### INFORMATION SUPPLIED
○ ○ ○ ○ ○

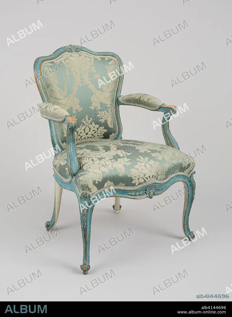 Caption: Armchair. Thomas Chippendale; English, 1718-1779; London, England. Date: 1768. Dimensions: 90.2 × 62.2 × 55.9 cm (35 1/2 × 24 1/2 × 22 in.). Painted oak, modern upholstery. Origin: England.
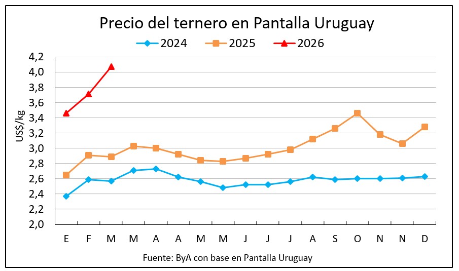 Históricos precios en Pantalla Uruguay: terneros cruzaron los US$ 4 y un lote se vendió a US$ 5,01
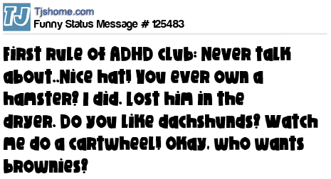 X First rule of ADHD club: Never talk about..Nice hat! You ever own a hamster? I did. Lost him in the dryer. Do you like dachshunds? Watch me do a cartwheel! Okay, who wants brownies?

○ ○ ○ ○ ○

### DESCRIPTION OF THE TASK
Only the words belong in your copy: restate the data above exactly and leave the images out.

### THE COMPLETED TASK
 Caption: Armchair. Thomas Chippendale; English, 1718-1779; London, England. Date: 1768. Dimensions: 90.2 × 62.2 × 55.9 cm (35 1/2 × 24 1/2 × 22 in.). Painted oak, modern upholstery. Origin: England.
 Históricos precios en Pantalla Uruguay: terneros cruzaron los US$ 4 y un lote se vendió a US$ 5,01
 X First rule of ADHD club: Never talk about..Nice hat! You ever own a hamster? I did. Lost him in the dryer. Do you like dachshunds? Watch me do a cartwheel! Okay, who wants brownies?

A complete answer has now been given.